• _Exercise inputs_:
######

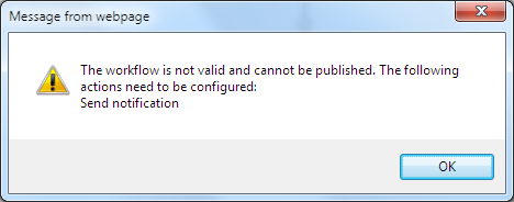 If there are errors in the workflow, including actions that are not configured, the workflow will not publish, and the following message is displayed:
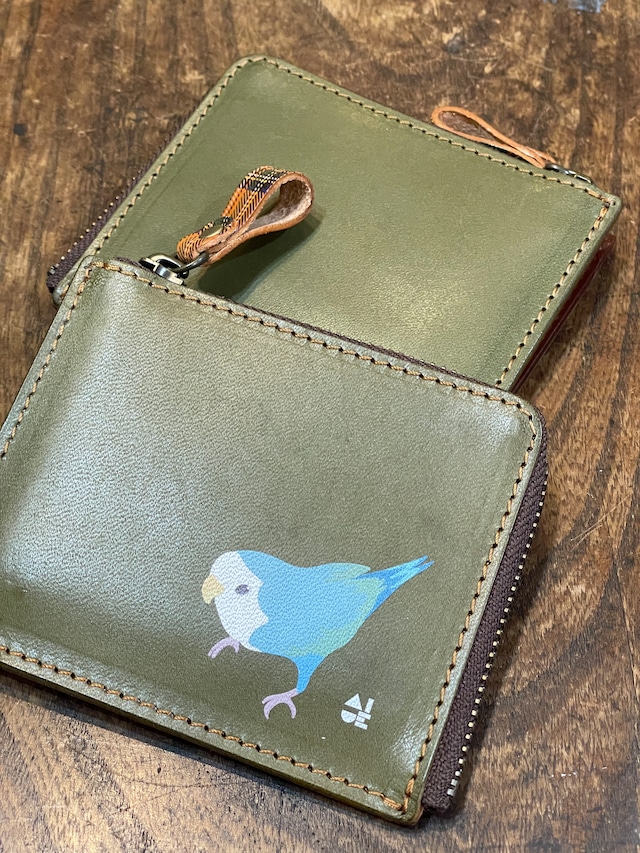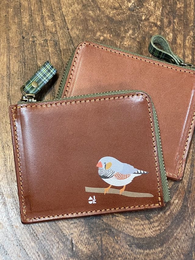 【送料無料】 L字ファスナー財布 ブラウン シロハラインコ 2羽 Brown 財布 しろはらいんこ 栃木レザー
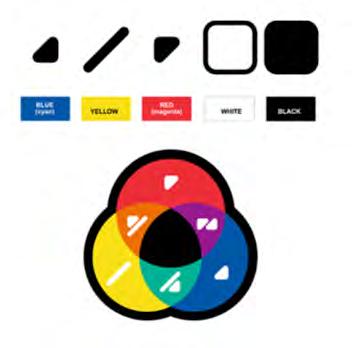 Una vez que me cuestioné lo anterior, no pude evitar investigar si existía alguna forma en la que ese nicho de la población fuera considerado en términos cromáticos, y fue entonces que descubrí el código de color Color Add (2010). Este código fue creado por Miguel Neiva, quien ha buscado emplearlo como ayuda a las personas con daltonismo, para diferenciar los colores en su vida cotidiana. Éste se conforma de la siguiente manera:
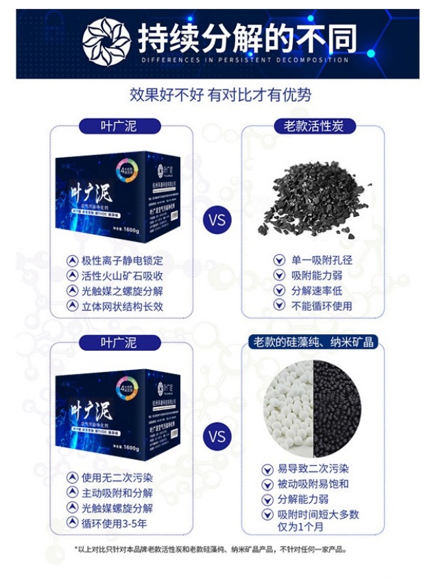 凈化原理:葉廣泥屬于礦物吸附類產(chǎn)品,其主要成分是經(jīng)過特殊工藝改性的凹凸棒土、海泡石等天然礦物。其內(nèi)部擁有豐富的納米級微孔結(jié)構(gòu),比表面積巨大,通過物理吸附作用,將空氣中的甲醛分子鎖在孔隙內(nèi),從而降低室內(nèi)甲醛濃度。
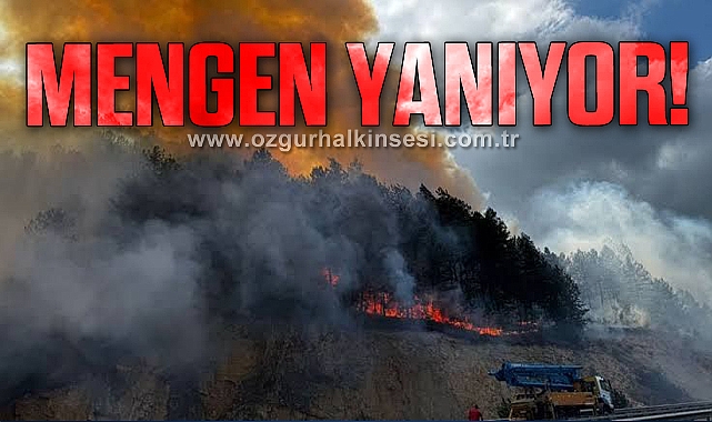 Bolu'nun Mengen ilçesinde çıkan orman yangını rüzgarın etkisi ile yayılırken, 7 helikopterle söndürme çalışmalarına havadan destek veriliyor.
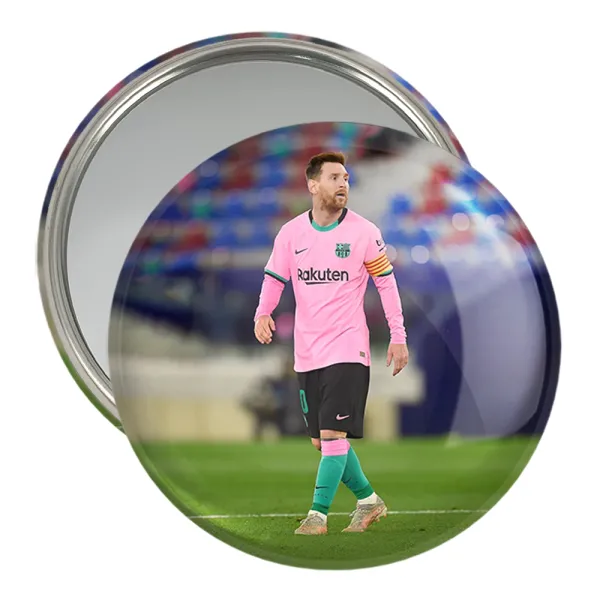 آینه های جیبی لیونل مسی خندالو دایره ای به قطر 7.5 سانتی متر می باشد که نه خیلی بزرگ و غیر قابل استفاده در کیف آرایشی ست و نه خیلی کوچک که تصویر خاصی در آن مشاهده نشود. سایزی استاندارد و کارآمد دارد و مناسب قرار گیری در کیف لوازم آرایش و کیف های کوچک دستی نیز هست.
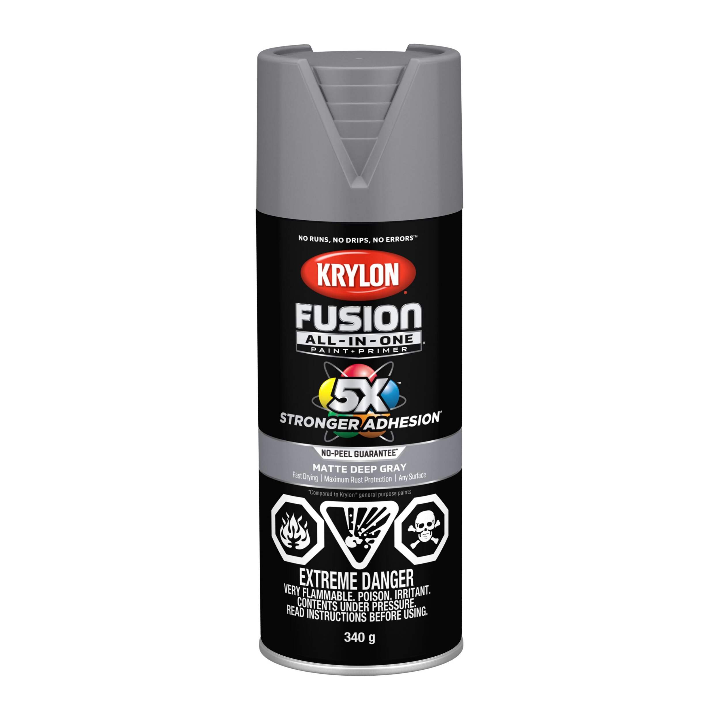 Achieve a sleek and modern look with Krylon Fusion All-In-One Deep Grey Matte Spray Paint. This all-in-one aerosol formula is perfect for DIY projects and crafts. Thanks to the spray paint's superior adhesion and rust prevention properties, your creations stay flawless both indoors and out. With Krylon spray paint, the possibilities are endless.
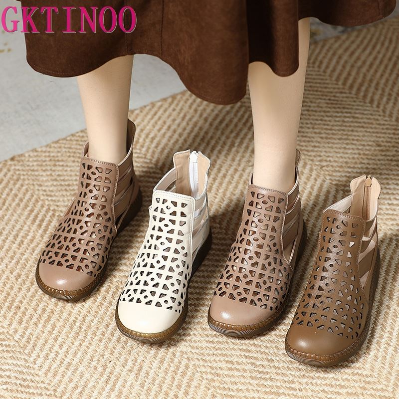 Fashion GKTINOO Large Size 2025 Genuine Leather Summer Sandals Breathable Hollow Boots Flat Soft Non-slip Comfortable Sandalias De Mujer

######

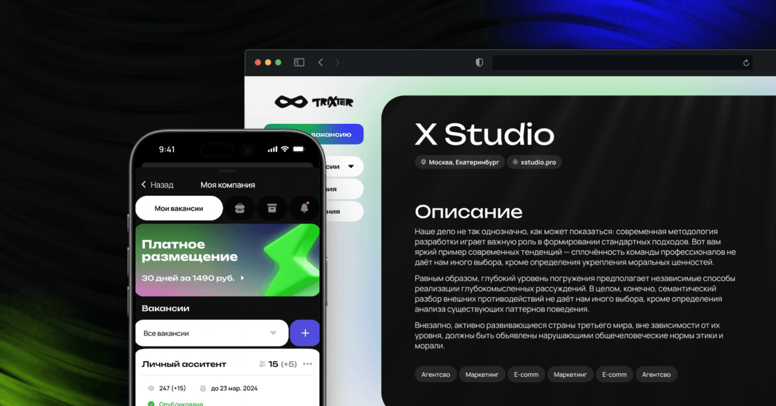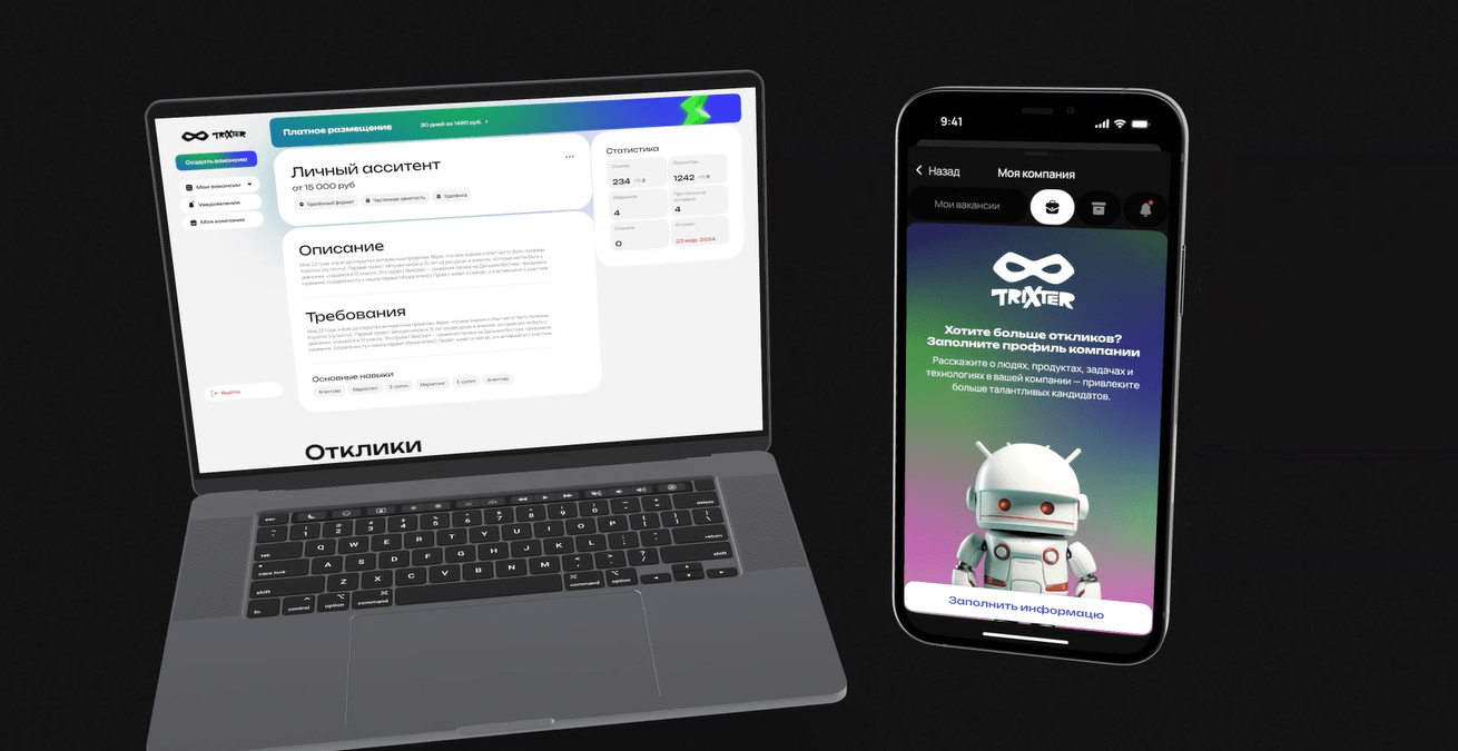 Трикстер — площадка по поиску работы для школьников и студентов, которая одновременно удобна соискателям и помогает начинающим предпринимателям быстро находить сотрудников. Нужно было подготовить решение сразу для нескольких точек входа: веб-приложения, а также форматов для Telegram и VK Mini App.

######

Only one stretch of the listing is wanted: the lines starting at the one with "Achieve a sleek" and ending at the one with "Fashion GKTINOO Large", copied exactly and free of pictures.

• _Answer space_:
 Achieve a sleek and modern look with Krylon Fusion All-In-One Deep Grey Matte Spray Paint. This all-in-one aerosol formula is perfect for DIY projects and crafts. Thanks to the spray paint's superior adhesion and rust prevention properties, your creations stay flawless both indoors and out. With Krylon spray paint, the possibilities are endless.
 Fashion GKTINOO Large Size 2025 Genuine Leather Summer Sandals Breathable Hollow Boots Flat Soft Non-slip Comfortable Sandalias De Mujer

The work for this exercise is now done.